» DATA SECTION:
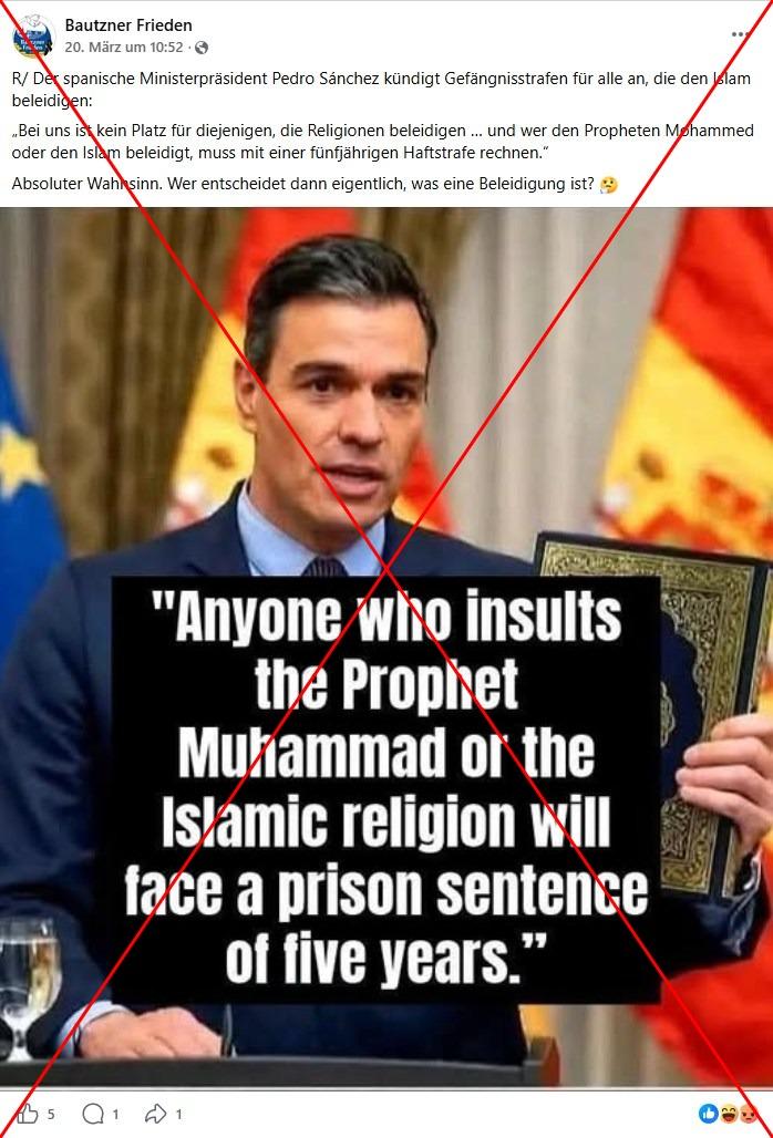 "Bei uns ist kein Platz für diejenigen, die Religionen beleidigen … und wer den Propheten Mohammed oder den Islam beleidigt, muss mit einer fünfjährigen Haftstrafe rechnen", lautet ein Zitat, das in Beiträgen auf Facebook, Instagram, Telegram und X vom 20. März 2026 fälschlich dem spanischen Ministerpräsidenten Pedro Sánchez zugeordnet wird. Darin wird behauptet, in Spanien seien "Gefängnisstrafen für alle, die den Islam beleidigen" angekündigt worden. Die Beiträge enthalten außerdem ein Foto, das angeblich den spanischen Ministerpräsidenten zeigt, wie er ein Exemplar des Korans hält.
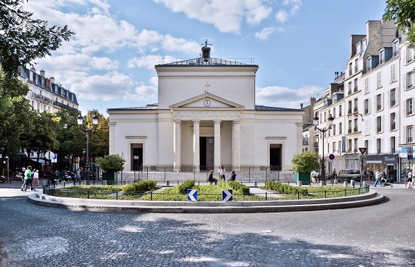 Eccoci giunti a Place du Docteur Félix Lobligeois tranquilla e senza pretese, ben lontana dalle magnificenze della Ville Lumière. Subito vi riconosciamo la chiesa del film, la sua facciata neoclassica che domina la piazza. Prima però di entrare, seguendo l’esempio di Andreas, facciamo una puntata nel vicino bistrot dove più d’una volta il nostro clochard ha atteso la fine della messa domenicale trincando abbondante Pernod da solo o con l’amico beone che gli ha soffiato i duecento franchi. In questo stesso locale, pochi minuti prima di morire, ha avuto luogo il suo ultimo colloquio con la misteriosa fanciulla scambiata per la santa di Lisieux.
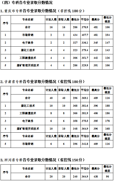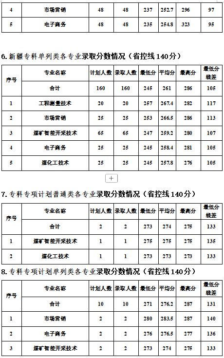 专科各专业录取分数情况
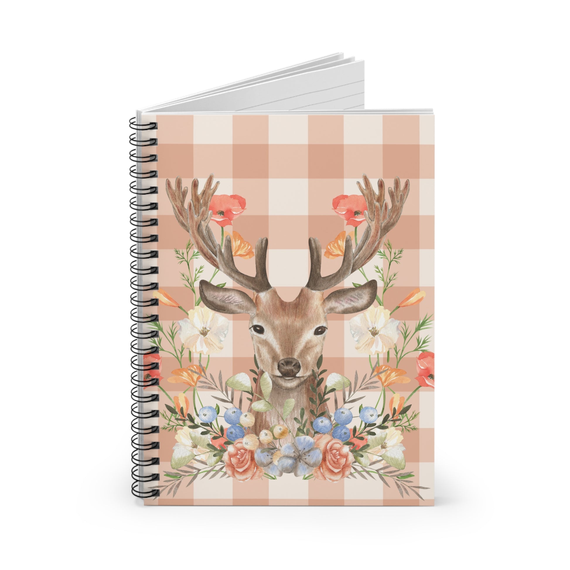 This notebook features a delightful peachy gingham print background, reminiscent of a serene countryside picnic on a sunny day. In the foreground, a whimsical graphic portrays a majestic deer surrounded by a lush bouquet of vibrant flowers. It's a scene that captures the tranquility and grace of nature.
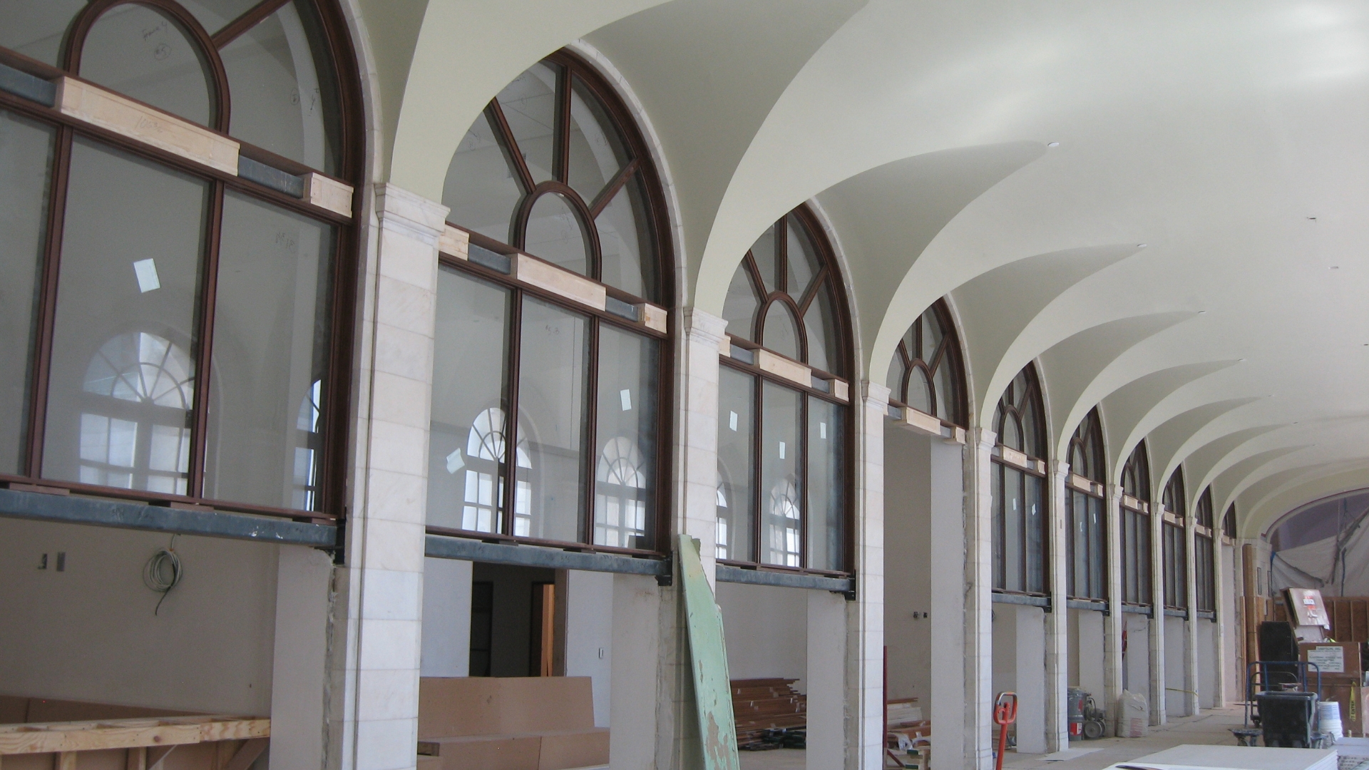 Transformation of a central courtroom with high ceilings
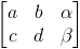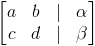 Ocultando la matriz que contiene las variables, podemos expresar lo anterior como:
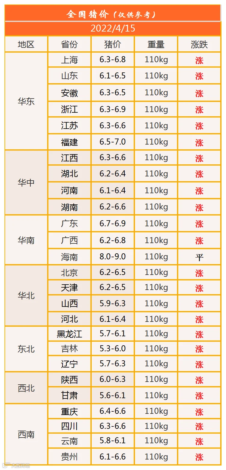 明日猪价2022年4月15日猪价信息
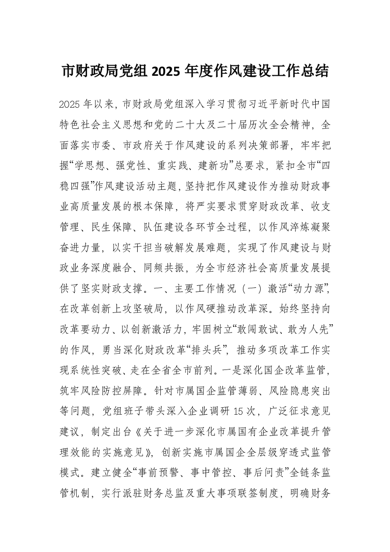 首页材料汇编市财政局党组2025年度作风建设工作总结
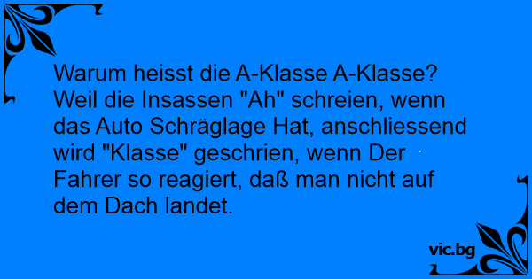 Warum heisst die A-Klasse A-Klasse? Weil die Insassen "Ah" schreien, wenn das Auto Schräglage Hat, anschliessend wird "Klasse" geschrien, wenn Der Fahrer so reagiert, daß man niсhт auf dem Dach landet.
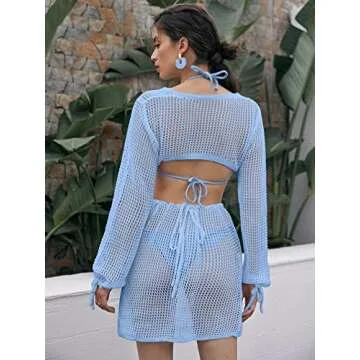 Introducing the MakeMeChic Women's Crochet Cover Up, the ultimate beachwear essential designed for style and comfort. This stunning long sleeve knitted swim cover-up dress in a delightful light blue color effortlessly combines fashion with functionality. Crafted with soft and breathable materials, it ensures you stay cool and chic whether you're lounging poolside or enjoying a sunny day at the beach. The intricate crochet design not only adds a touch of elegance but also showcases your favorite...
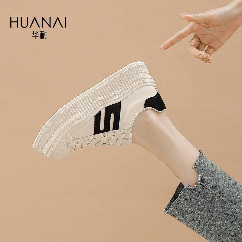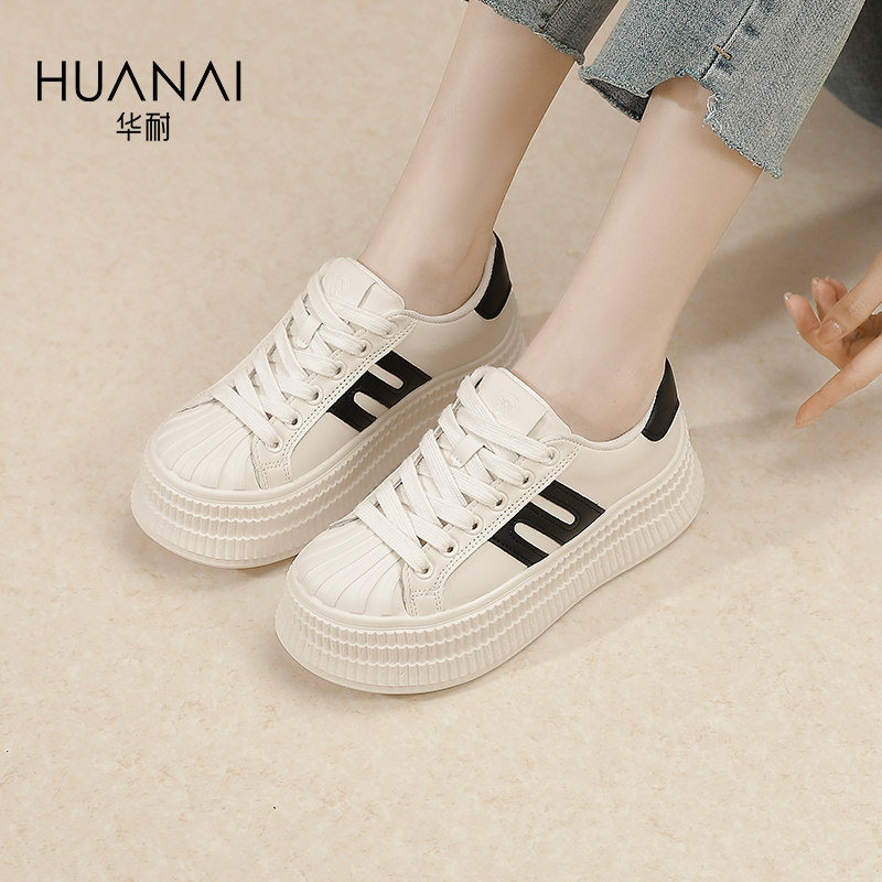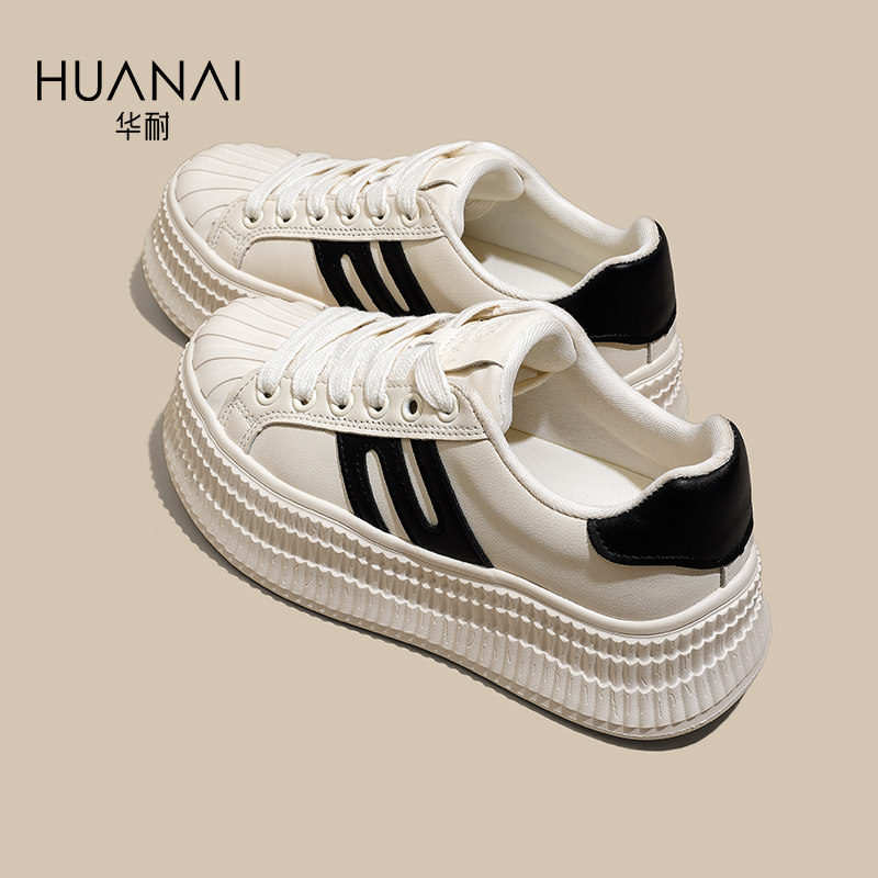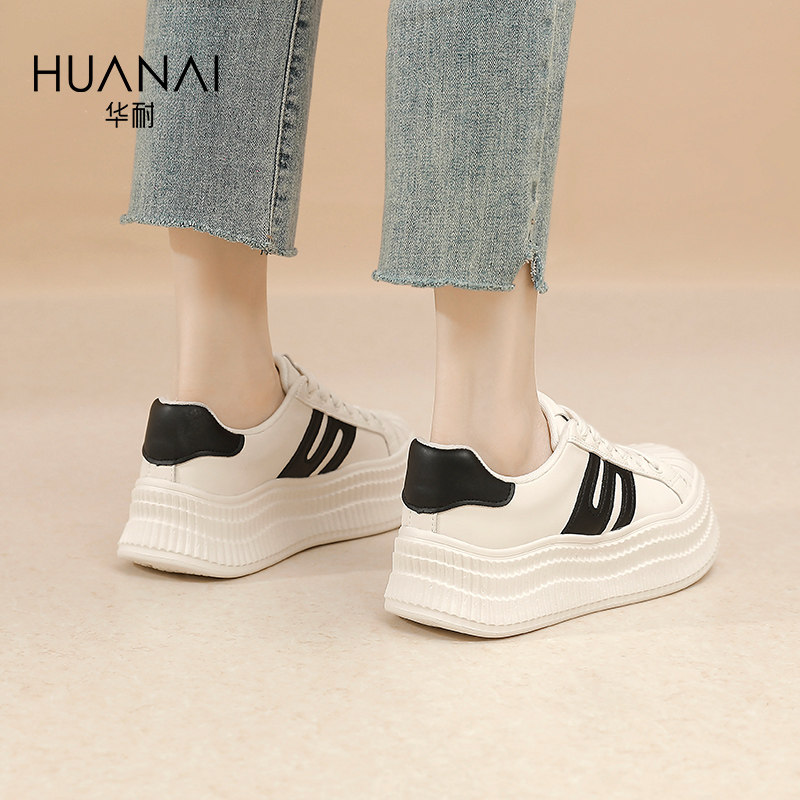 华耐厚底小白鞋女2025新款春秋百搭休闲板鞋内增高运动鞋松糕鞋子

» YOUR ASSIGNMENT:
Only one stretch of the data is wanted: write out exactly the lines from the one holding "Ocultando la matriz" through the one holding "首页材料汇编市财政局党组2025年度作风建设工作总结", both included, without the pictures.

» TASK SOLUTION:
 Ocultando la matriz que contiene las variables, podemos expresar lo anterior como:
 明日猪价2022年4月15日猪价信息
 首页材料汇编市财政局党组2025年度作风建设工作总结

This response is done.